Genome-Wide Analysis of Human Disease Alleles Reveals That Their Locations Are Correlated in Paralogous Proteins
Mark Yandell, Barry Moore, Fidel Salas, Chris Mungall, Andrew MacBride, Charles White, Martin G. Reese
PLoS Comput Biol 4(11): e1000218
Abstract: The millions of mutations and polymorphisms that occur in human populations are potential predictors of disease, of our reactions to drugs, of predisposition to microbial infections, and of age-related conditions such as impaired brain and cardiovascular functions. However, predicting the phenotypic consequences and eventual clinical significance of a sequence variant is not an easy task. Computational approaches have found perturbation of conserved amino acids to be a useful criterion for identifying variants likely to have phenotypic consequences.
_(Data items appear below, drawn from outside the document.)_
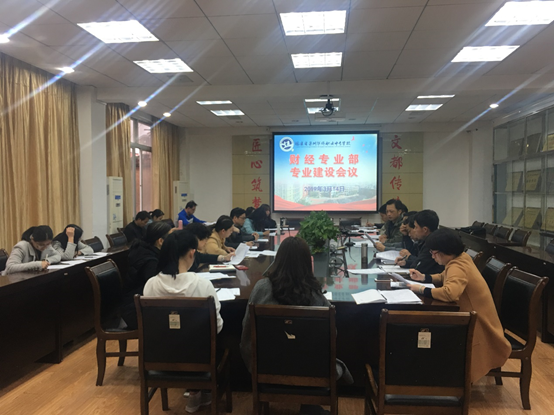 2019年3月14日下午,我校在综合楼三楼第一会议室召开财经专业部建设会议,校级领导、各处室负责人出席,财经部主任和专业教师参加会议。会议由学校副校长张扬主持。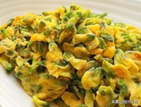 3、炒槐花炒鸡蛋,鸡蛋加盐打散槐花和蛋液拌匀炒锅热油,倒入搅好的槐花蛋液,用筷子快速滑散即可。
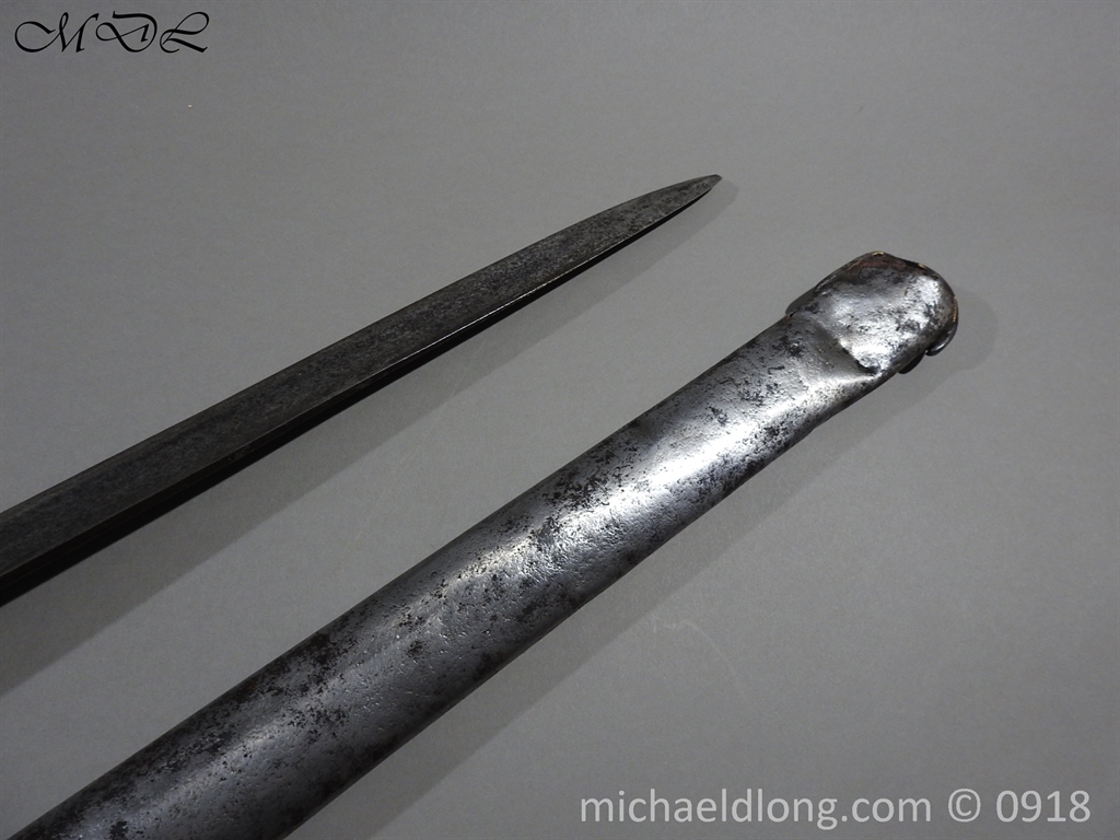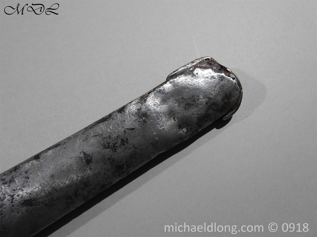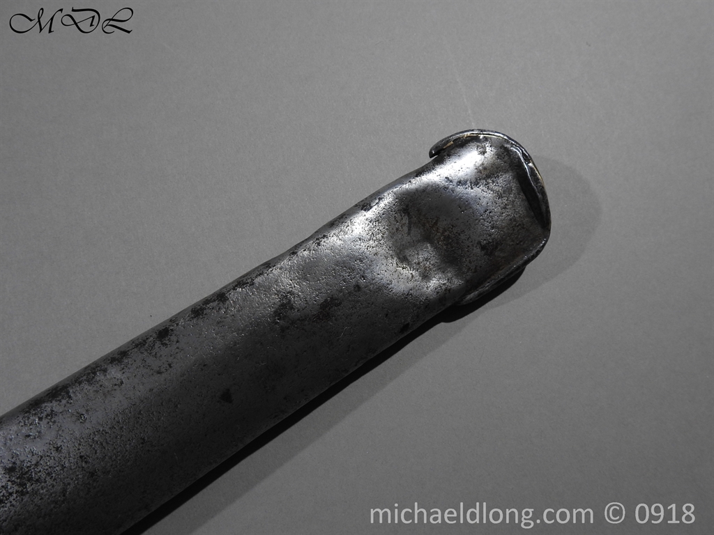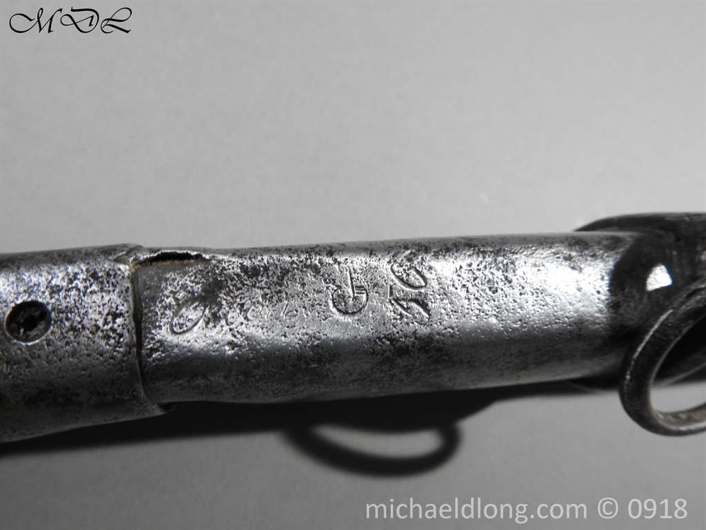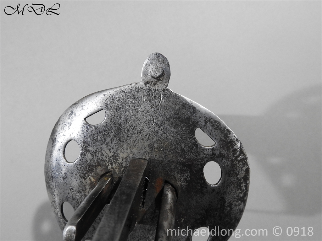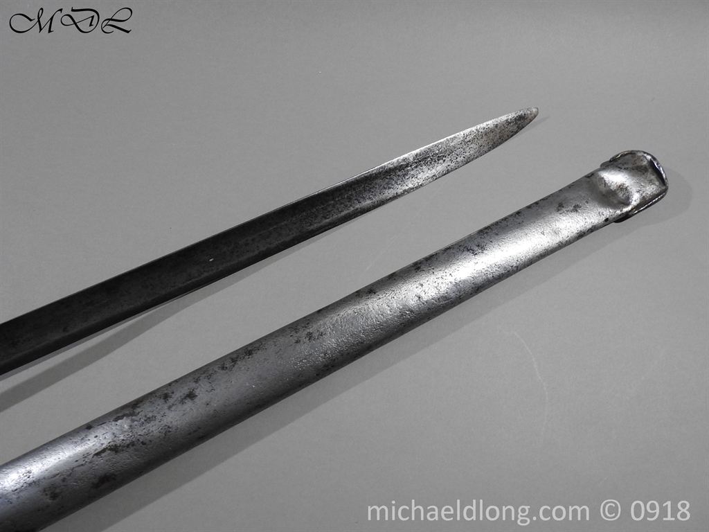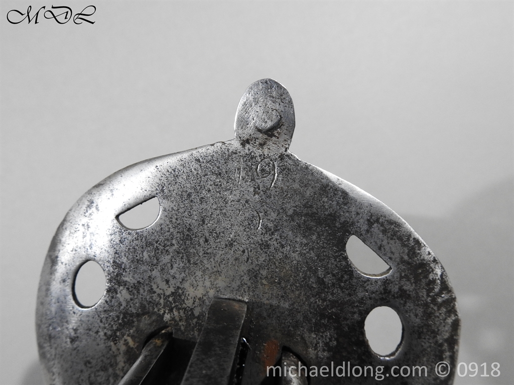 Regulation pattern 1796 heavy cavalry trooper disc hilt sword with langets and full guard. The leather bound grip show signs of age wear however solid with a small mount of leather missing near the hilt. Straight single edge blade with spear point, the guard is engraved with G56 which is matching to the scabbard but very faded, Osbourn also marked on the scabbard. Please note the sword has been clean but is in solid condition and original. Overall length 100cm the blade 85cm. Please Swords of the British Army by Brian Robson revised edition page 19 for reference.

To our knowledge, however, no study to date has explored the potential of variants that occur at homologous positions within paralogous human proteins as a means of identifying polymorphisms with likely phenotypic consequences. In order to investigate the potential of this approach, we have assembled a unique collection of known disease-causing variants from OMIM and the Human Genome Mutation Database (HGMD) and used them to identify and characterize pairs of sequence variants that occur at homologous positions within paralogous human proteins. Our analyses demonstrate that the locations of variants are correlated in paralogous proteins. Moreover, if one member of a variant-pair is disease-causing, its partner is likely to be disease-causing as well. Thus, information about variant-pairs can be used to identify potentially disease-causing variants, extend existing procedures for polymorphism prioritization, and provide a suite of candidates for further diagnostic and therapeutic purposes.